What do we want to achieve?
We want to test our persistence and query logic, usually located in the "DAO" layer of the application. Since we are good developers ;) we want these tests to be deterministic, self-verifiable, and order independent.
What do we need?
We need to setup a complete database environment, equal or similar to the one we are going to be using, and then populate it with test data, to be able to assert the behaviors in our test code. We will use Hibernate + JPA + HSQLDB + Spring 3.0.
First thing would be to configure Hibernate to recreate the database schema based on the mappings we have, every time it initializes for the integration tests. I will do this by initializing a new spring context and JPA persistence configuration, just for the tests.
Notice that I am also using an in memory database provider HSQLDB to make things a little less complex. However, this could be any other provider. You would just have to provide any connection details needed and to make sure you have the right permissions for the schema.
Since we are using Hibernate in Java we are going to take advantage of the functionality Hibernate gives us of executing an initialization script called import.sql after the schema update process during its own initialization. You can read about it here and here.
Another way of doing it would be to use DbUnit, of which I will talk more in the next example case.
So now we have our import.sql file ready to be executed at the context's initialization. Here you would place your test's data as a set of insert statements. This will allow us to initialize the schema created by Hibernate from your model with the tests data just before the context is accessible to the tests
As you need more tests and the schema evolves, you will extend and update this scripts.

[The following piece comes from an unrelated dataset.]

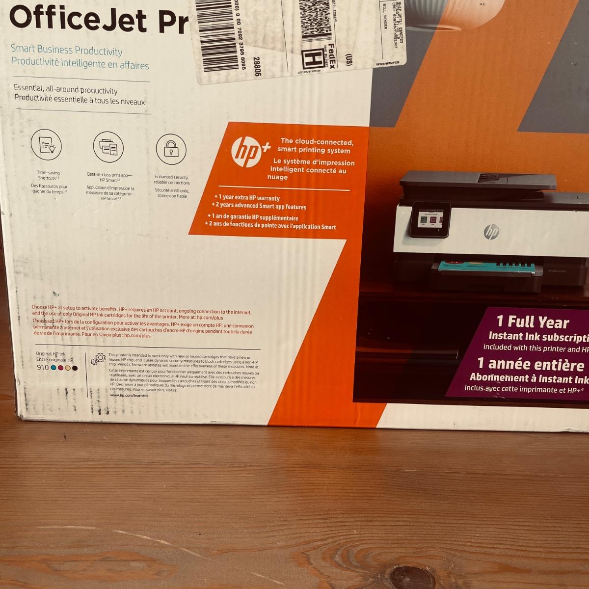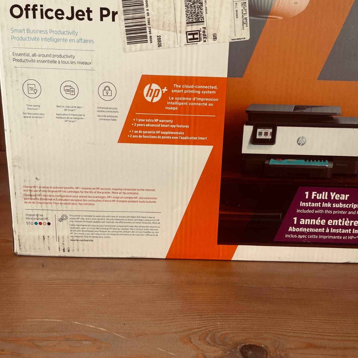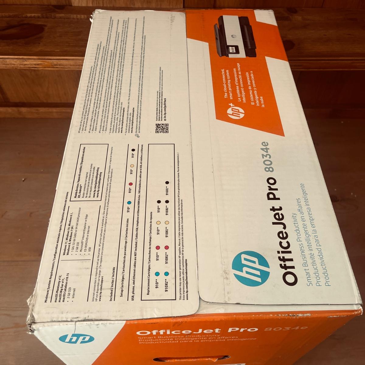 Lot includes NIB HP OfficeJet Pro with a box that measures 20” x 13” x 16”H. The last picture is of an identical model but is not the actual item.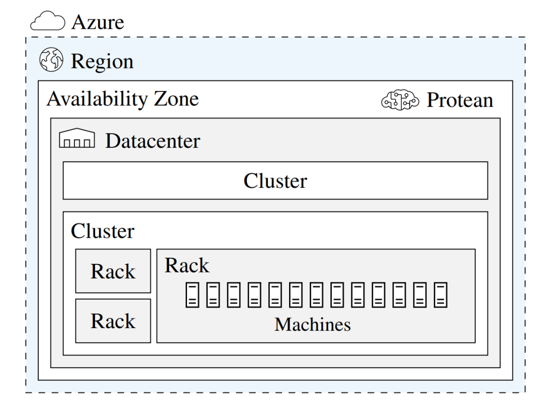 虚拟机作为云计算平台的基本资源分配单元,能够给用户的应用程序提供独立、安全和可靠的运行环境。Protean 需要根据用户的需求自动将 Azure 的各种服务器动态分割成大小不同的虚拟机,并满足用户对于这些虚拟机所处的地理区域(region)和可用区(available zone)的要求,以及虚拟机之间的相对位置、虚拟机对服务器的独占需求等各种限制条件。同等重要的是,Protean 还需要在追求资源的充分利用和预留足够的空闲资源用于容错和扩容之间取得平衡。

And that's all! Now you can start writing your database tests.
The good
One of the good parts and the one I particularly like the most, is that the database schema doesn't need to be stored as a script in the source control. Instead it will be stored with the code, since the actual model that you are using is the blueprint used by Hibernate to create the database schema. So any changes in the mapping reflect on your integration tests as soon as the context is initialized and developers don't have to write down migration scripts for the changes which is error prone and boring.
This also means if you change database providers for instance, from MSSQL to Oracle, Hibernate will be the one creating the script for the creation of the schema, and it will be using the dialect of your choice. This is particularly useful when you still haven't made any decisions on what the underlying persistence support will be.
The bad
The main problem I see with this approach is that it only works if you don't have previous data that you need to maintain. But if you do, there is no way (that I know of) to use this behavior on the "update" mode and also keep the "migration" done by Hibernate.
Also, if the test data gets too big there is no way to split the script so that it would be more manageable using some kind of "import" directives. However, I think in version 3.6.10 > of Hibernate you can set the scripts to load for each persistence unit using a configuration property, or through code. You can find more info about it in this Stack Overflow thread and in this Spring Forum thread.
By the way, there seems to be a "bug" with the JpaVendorAdapter that I use in this type of set up, which sets the provider to "update". To resolve this issue just set the generateDdl flag to false. You can find more info on the reasons here.
The Ugly
Integration tests are slow. This solution needs you to instantiate the context and database for each set of tests. It only initializes the context once on each test suite. However, although this is faster than doing it for each test, you may run into order dependency problems among tests because of the data, if you don't write your tests properly. Use wisely.
You can still set it up so that each tests executes with a clean db setup. A solution would be to regenerate the schema an repopulate the tables with data for each test using the SchemaExporter class. I leave that as an exercise to the dear reader ;)
Case two: Building from a Legacy Database System
Now, take into consideration that once you release a version of this application, you are actually moving into building on top of a legacy system.
In this case you already have a database, it may be from a previous version or from a totally unrelated product. Whatever the case is, I am assuming you can't loose data or in some cases modify the database schema. The create approach in Hibernate won't be of much help here. What do we do then?
Well, in this case we are going to need something else. Here is where DbUnit comes to the rescue.
There are other solutions like the SQL Ant task that executes SQL scripts against the db before you run your tests, but I like dbunit better because I can put the database initialization and finalization into my tests, per test, instead of at build time. Also in most cases I can escape having to write the SQL insert statements letting DbUnit in charge of the dirty bits of generating them.
Whats different from this approach?
In this case, we are going to get a little more control over what is happening on the db. We will still insert the sample data, just that this time, it will be DbUnit the one doing it. To do that, we first need to put this information in and xml file format that DbUnit will understand, so that it may be able to dump it into the db when we tell it to.
The format is pretty simple. All records are hanging from a dataset root object and the name of the node will be the name of the table where you want to insert this information. For specific column values you use the attributes of the node. The actual content to put in the column is the value of the attribute.
The Good
We have per test database setup. This is faster than the method we already talked about but, you still need to do a little cleanup afterwards. A way to avoid this would be to execute each test under a transaction and at the end of the test just roll the transaction back. However, this may not always be possible.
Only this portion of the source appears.